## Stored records

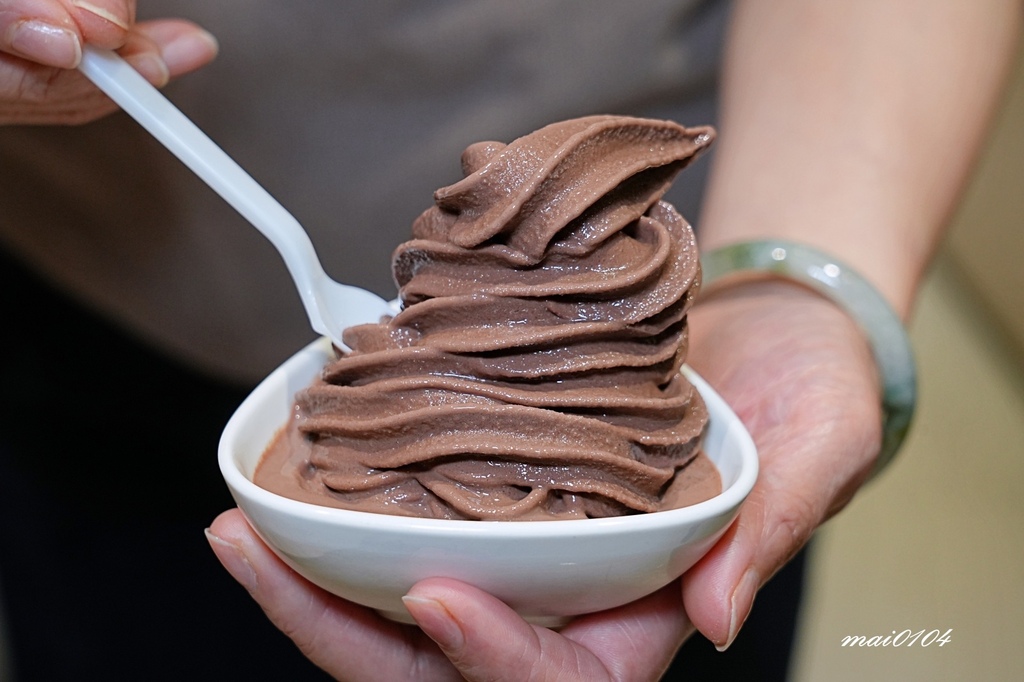 霜淇淋是巧克力口味,低脂吃起來甜度不會太高,女生想吃也不怕有負擔
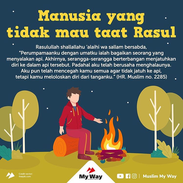 Inilah yang dijelaskan oleh Nabi shallallahu ‘alaihi wa sallam mengenai keadaan beliau dengan umatnya. Beliau permisalkan dengan seseorang yang menyalakan api, lalu berkerumullah serangga di sekeliling api tersebut. Inilah yang biasa dilakukan oleh serangga-serangga kecil ketika ada api, mereka akan segera mengerumuni api tersebut. Namun ketika ada yang ingin menjerumuskannya dalam kebinasaan seperti api tersebut, maka Nabi shallallahu ‘alaihi wa sallam menghalanginya. Namun ada saja yang enggan mengikuti Rasul atau tidak mau taat Rasul dan dimisalkan seperti serangga yang lepas dari tangan Rasul shallallahu ‘alaihi wa sallam.
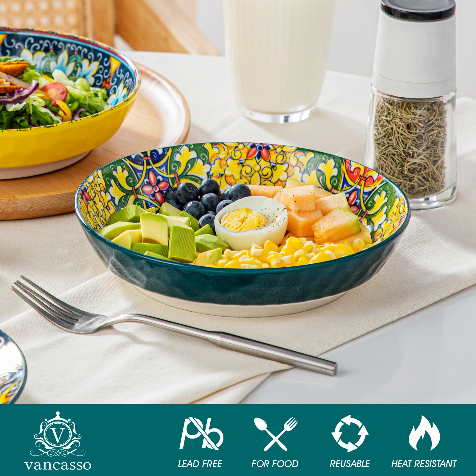 Vancasso Porzellan Nudelteller 6/12-teilig Böhmisch 950ml – Suppenteller für Salat, Pasta Geschirrsets Europa CE-zertifiziert Premium Qualitaet Kostenloser Versand
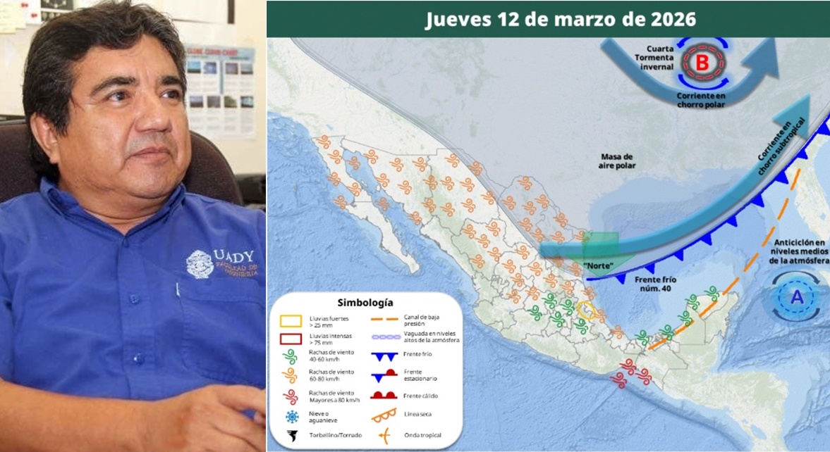 MÉRIDA, Yucatán, lunes 09/03/26.– Esta semana será muy caluroso de lunes a miércoles, en tanto que del jueves al sábado, las temperaturas máximas bajará, debido a que se acercará, sin tocar tierra yucateca, el frente frío 40.
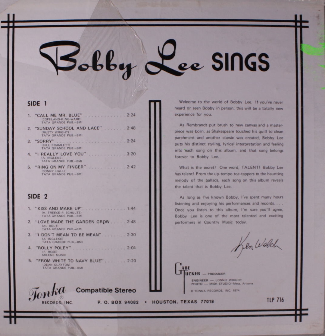 Zum Abschluß drehen wir zeitlich den Spieß um und zitieren noch einen sehr frühen Bobby Lee, einen Country-Interpreten, mit dem man, wie ich annehme, kaum eine Verbindung zu den anderen Bobby Lees herstellen kann.
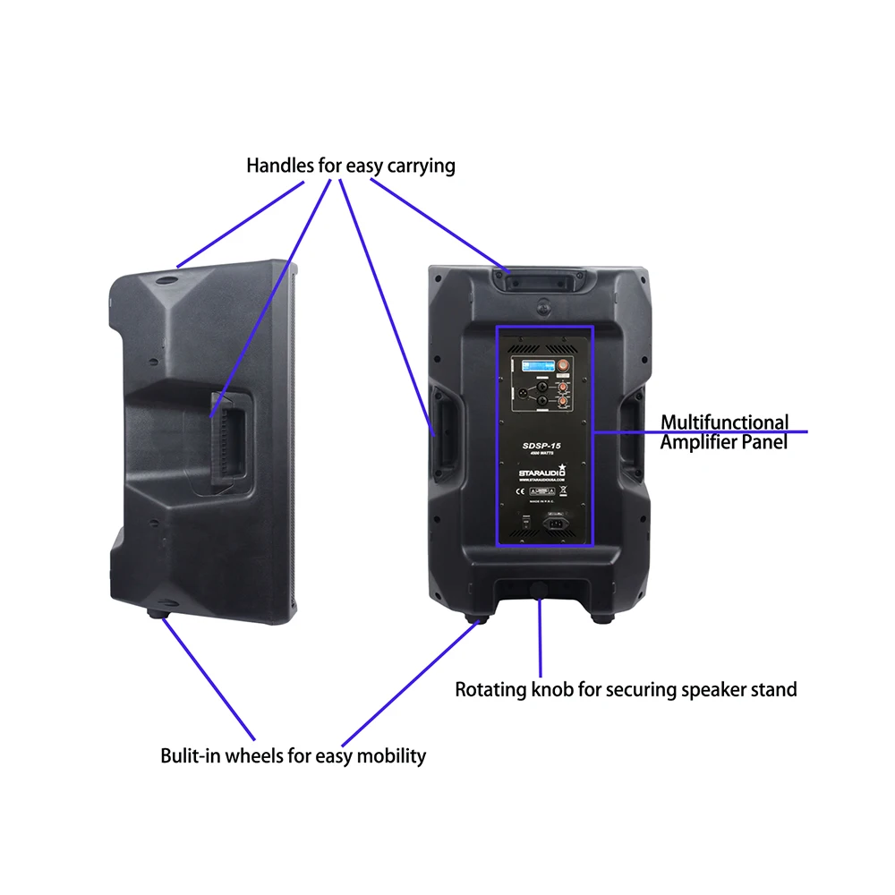 Product Name: 15 "4500ワット駆動paカラオケdj Dspアクティブステージスピーカーシステム2チャンネルuhfワイヤレスSDSP-15 + SMU-0216A
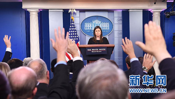 8月2日,在美國首都華盛頓,白宮發(fā)言人桑德斯出席記者會(huì)。新華社記者劉杰攝
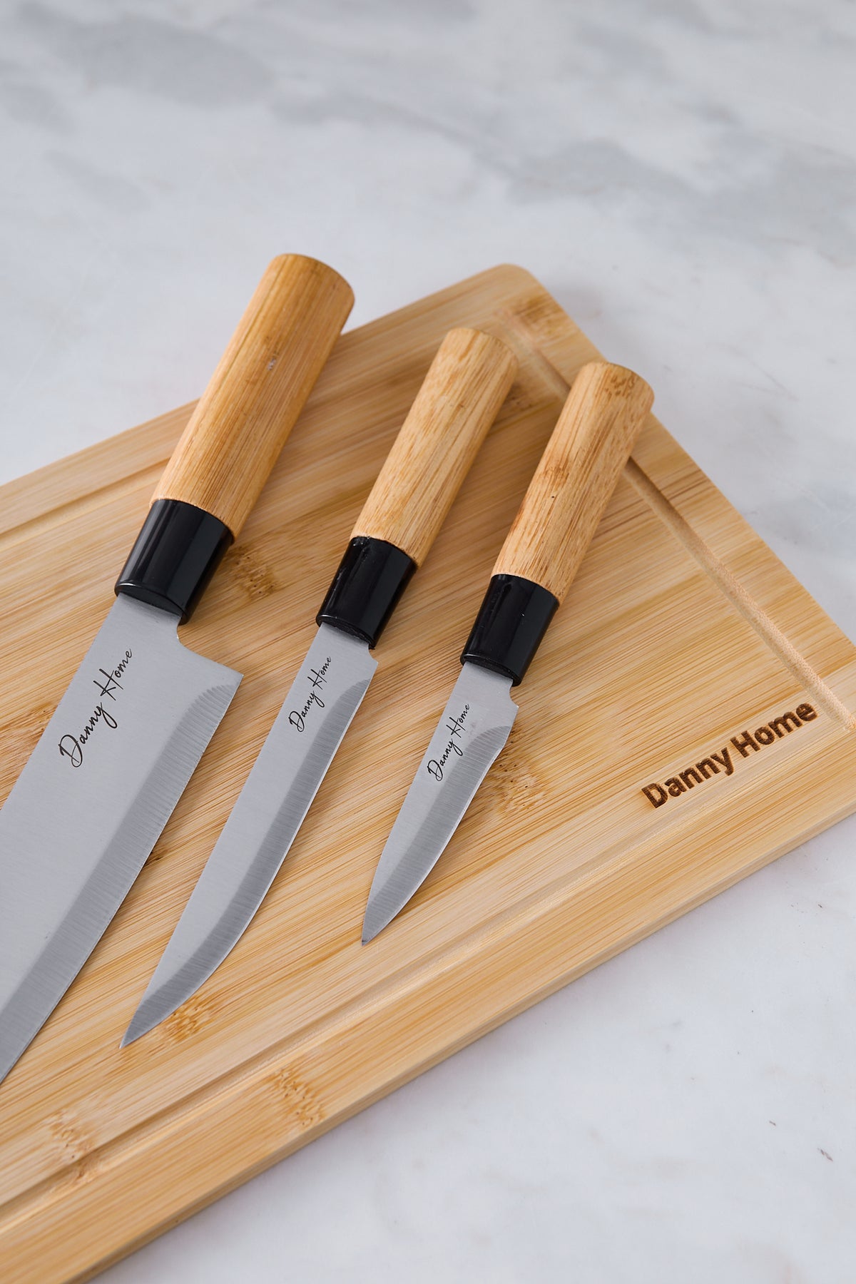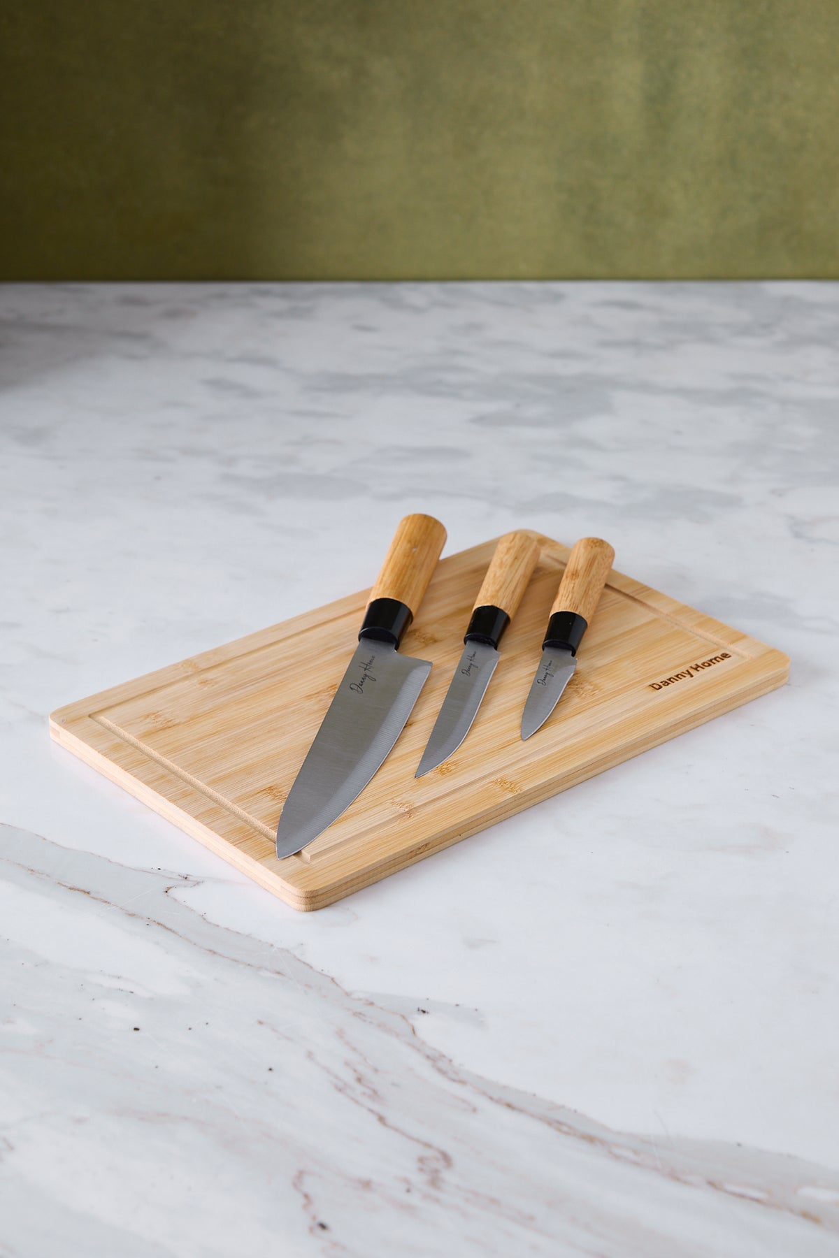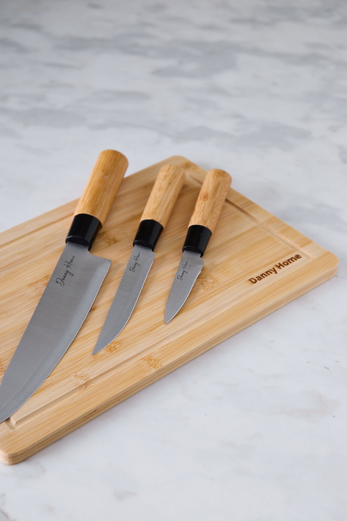 Un set práctico y elegante que reúne tabla de bambú y tres cuchillos de acero inoxidable, ideal para preparar y presentar alimentos.
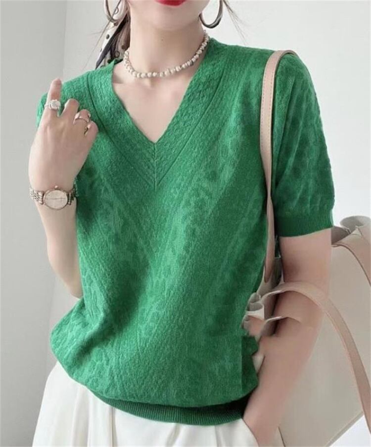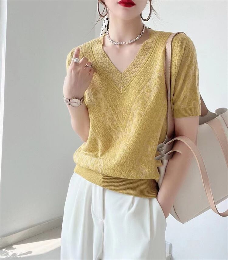ご要望多数につき再販開始 ニットトップス レディース パフスリーブ 半袖 vネック 透かし彫り トップス
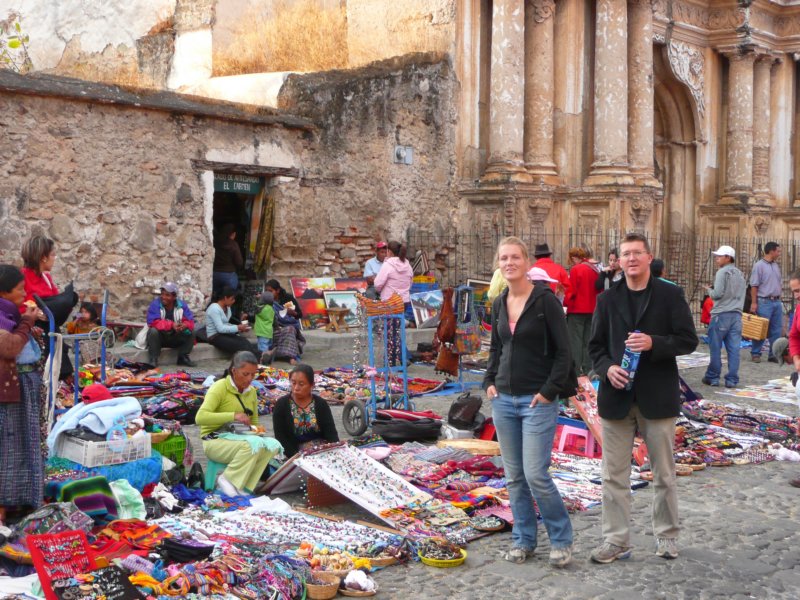 Agua volcano and a market in front of the old facade of a church
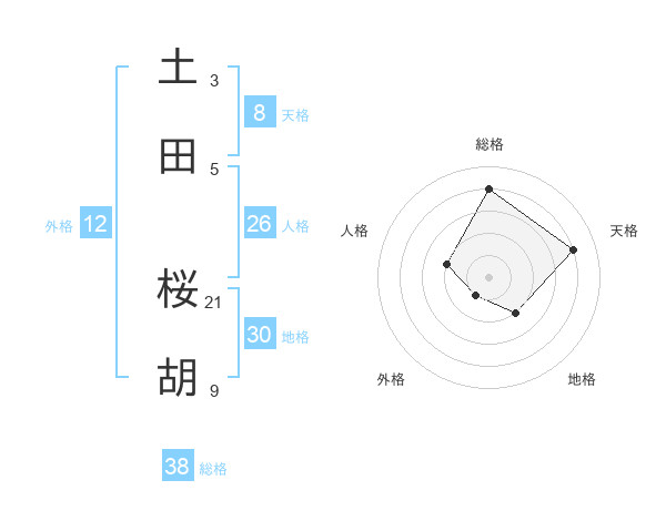土田 桜胡さんを姓名の画数から五運を鑑定
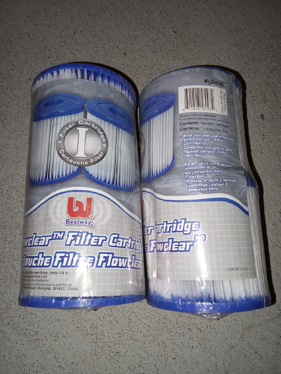 126Selling a brand new two-pack of Bestway Flowclear filter cartridges! These are #58168C. They help keep your pool sparkling clean and are convenient and easy to clean. Each package contains two filter cartridges

## What you will do
The lines to be transcribed are those from the first line of the data above through the line holding "Inilah yang dijelaskan", inclusive; copy them exactly and only, leaving out the pictures.

## Exercise solution
 霜淇淋是巧克力口味,低脂吃起來甜度不會太高,女生想吃也不怕有負擔
 Inilah yang dijelaskan oleh Nabi shallallahu ‘alaihi wa sallam mengenai keadaan beliau dengan umatnya. Beliau permisalkan dengan seseorang yang menyalakan api, lalu berkerumullah serangga di sekeliling api tersebut. Inilah yang biasa dilakukan oleh serangga-serangga kecil ketika ada api, mereka akan segera mengerumuni api tersebut. Namun ketika ada yang ingin menjerumuskannya dalam kebinasaan seperti api tersebut, maka Nabi shallallahu ‘alaihi wa sallam menghalanginya. Namun ada saja yang enggan mengikuti Rasul atau tidak mau taat Rasul dan dimisalkan seperti serangga yang lepas dari tangan Rasul shallallahu ‘alaihi wa sallam.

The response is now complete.